One day, some of the young children at my tutoring center took him out of his cage so they could play with him. The kids squealed with delight as they tossed the bird around the front lobby while I was in the back room teaching. When I saw what they were doing, I quickly ran over and discovered that one of the bird’s legs had been broken. I knew the kids meant no harm, and they explained they were trying to help him fly, but it made me very upset. My mother was furious. We made a cast for him out of a split drinking straw and some plastic tape. Online information advised leaving the “cast” on for about a month, allowing for the leg to heal. Unfortunately, the little bird could no longer stand and he often had to sit in his feces and urine until we could move him and clean his tiny butt. Consequently, our tough little friend developed pus-filled infections around his anus and belly. He stopped gaining weight, stopped singing, and the downy feathers on his underside were rubbed away, leaving raw, exposed skin covered in sores. We called a veterinarian, who informed us that it was illegal to harbor any wild bird, and if we brought it in for treatment, it would be confiscated and destroyed. 

One of the sores became a huge, bloody pus bubble on his little belly. I lanced the wound with a sterilized needle in order to drain it, but his skin was rubbery and thick. The needle did not go through easily. It was torture for both of us. The poor little thing just lay on his back in my hand, mouth open, screaming in silent agony, eyes wide and full of fear. Even so, he still trusted me. He did not try to escape. Those eyes… those pleading eyes… I thought of the Buddha story I had been told and realized we were in the same situation. I decided at this point to name him “Tuffy” because he had endured so much suffering and kept on trying to fly.

The straw cast was removed a month later and revealed a healed leg that was fused straight. He could not stand or sit properly and was always in considerable discomfort. A few days later, my friend Cathy noticed that Tuffy was dying. He was in his cage, lying on his side, eyes closed, body almost stiff and cold to the touch. In desperation, I found an old antibiotic capsule in my desk drawer. Quickly mixing the contents with water, I pulled Tuffy’s beak open and squirted an eyedropper full down his throat. I cupped his ravaged body in both hands and blew warm air on him.

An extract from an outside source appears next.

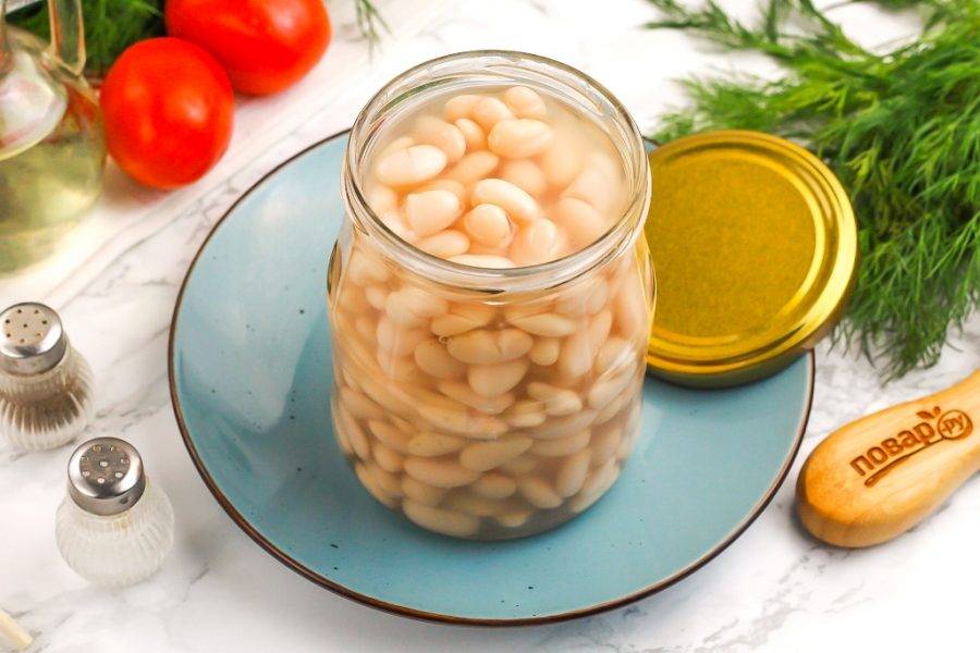 Ошпарьте банку и крышку кипятком, выложите в нее фасоль и залейте жидкостью, в которой она варилась.

This continued for more than three hours. I also spoke softly and whistled to him. If he was going to die, at least he would die warm with the familiar sound of my voice and whistle. Suddenly, he opened one eye, then the other, slowly stretched his wings, and painfully tried to move forward closer to my body.

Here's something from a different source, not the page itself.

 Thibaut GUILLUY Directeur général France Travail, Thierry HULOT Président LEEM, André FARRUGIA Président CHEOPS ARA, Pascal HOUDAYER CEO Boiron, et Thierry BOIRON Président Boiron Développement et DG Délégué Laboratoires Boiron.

Salvaged antibiotics kept Tuffy going for a couple more weeks, but it soon became apparent we were just prolonging his suffering and he was never going to fly. My mother decided to stop giving him the medicine and she let him go. I came home and found him in his shredded paper nest sitting up, head straight, and free of pain. We buried him in the backyard in a Christmas cookie tin box with his fallen tail feathers next to him.

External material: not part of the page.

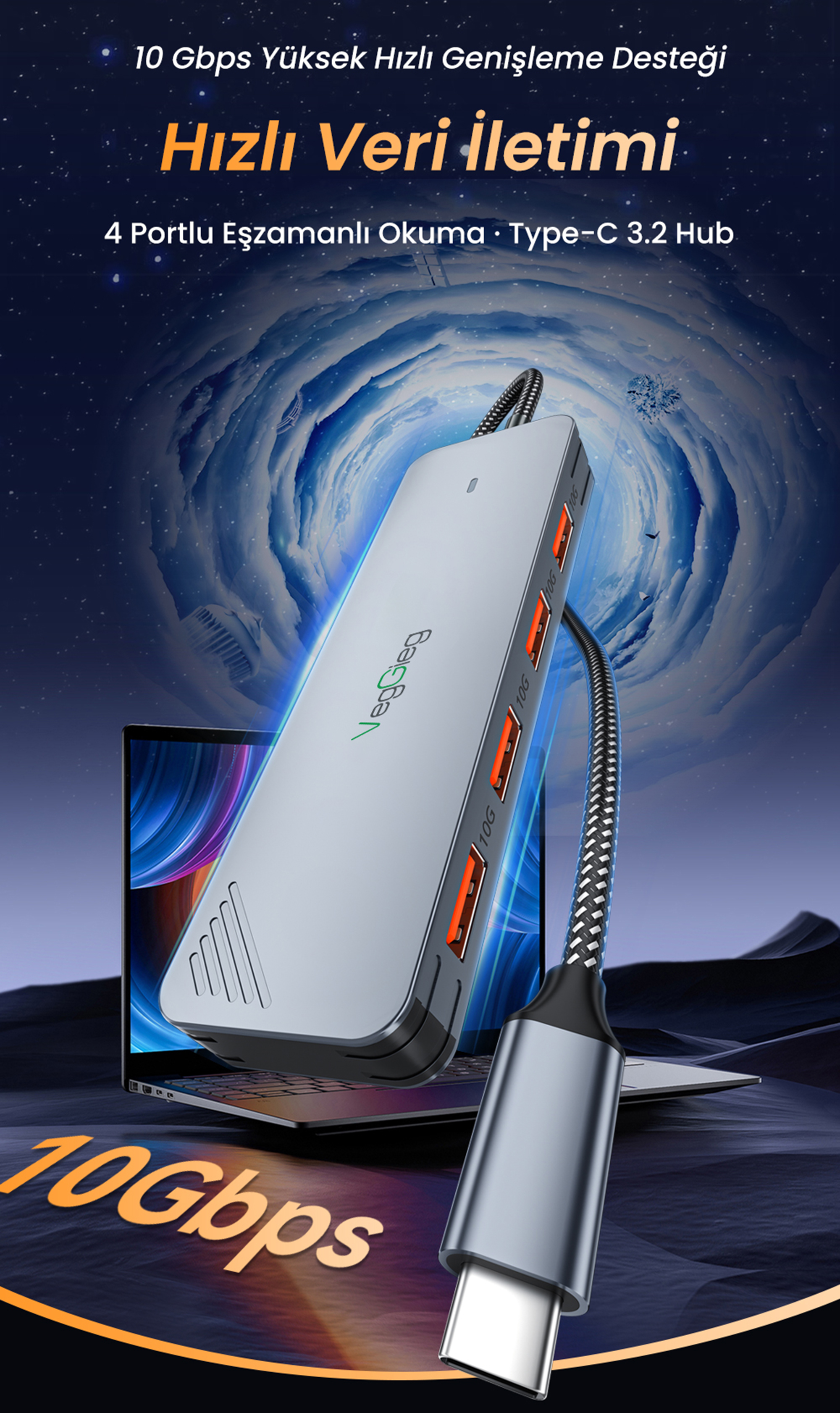 - 1 x VegGieg 4 Portlu 10Gbps Type-C to 4*USB-A 3.2 Gen2 Çoklayıcı Dönüştürücü Hub

It was just a bird, but when we take the time to care for a sentient being, we become attached.

Sometimes, the best way to help is to do nothing. Other times, the best way to help is to do just a little. Still, there are times when we must do all we can. It is often difficult to know what is the right thing to do… or not do.

Today at Huntington Beach, I saw a crying boy who told me he was lost. I smiled to myself as I thought, “At least I know not to take this one home.” I walked him to the nearest lifeguard tower where he was quickly reunited with his family. Overhead, the seagulls and pelicans soared free.  I thought of Tuffy and a poignant maxim a Buddhist monk once told me: “The morning glory lasts only a single day, while the mighty redwood may live two thousand years. Both are equally beautiful and equally important.” I wish Tuffy could have flown higher and longer.